The female human figure on the bed stirred restlessly. It did not lift its head, but the unearthly voice, muffled by the bedclothes, said: "Speak of zero-mass tachyons."
Doc Chimp exploded, "That was private information! Good heavens, Ben! I didn't know Homo sapiens primates could be so naive! Didn't you know better than to discuss that sort of thing with your fancy woman, knowing she was Purchased?"
Pertin said defensively, "I didn't! Tell them, Doris—I mean, you there, whoever you are!" But Zara interrupted.
"Ben is right," she said. "The . . . being wasn't repeating what she had heard from us. She was telling a deep secret of her own race." The figure on the bed moved convulsively, but was silent. "They have used zero-mass tachyons for their own purposes for a long time, but have never shared the knowledge with the rest of the galaxy.
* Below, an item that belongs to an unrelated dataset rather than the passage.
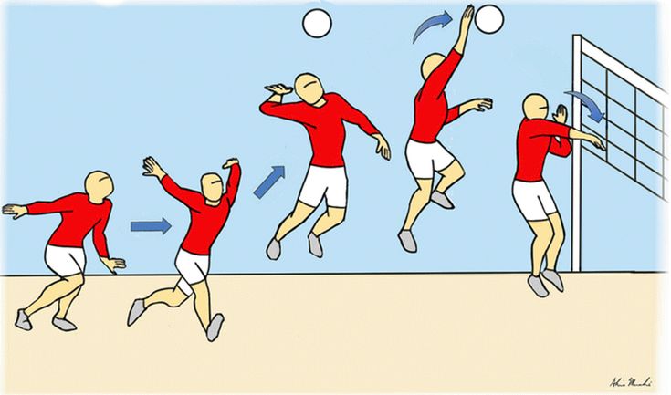O jogador deve ficar alguns passos afastado da linha de fundo, mandar a bola para cima e para frente, correr, saltar e bater na bola com a palma da mão com a maior potência possível.

And they suspect that their . . . Kooks are controlled with zero- mass tachyons from somewhere else." She took a deep breath. "They think it's from Cuckoo," she finished. "And they think that the members of the expedition are controlled in the same way, or at least their leaders are."
The figure lifted its head. "These are instructions," it said tonelessly. "Display spherical object. Consider relationships. Advise all other beings." And the woman's figure tossed away the restraining straps, rose from the bed, and moved silently out of the chamber and away.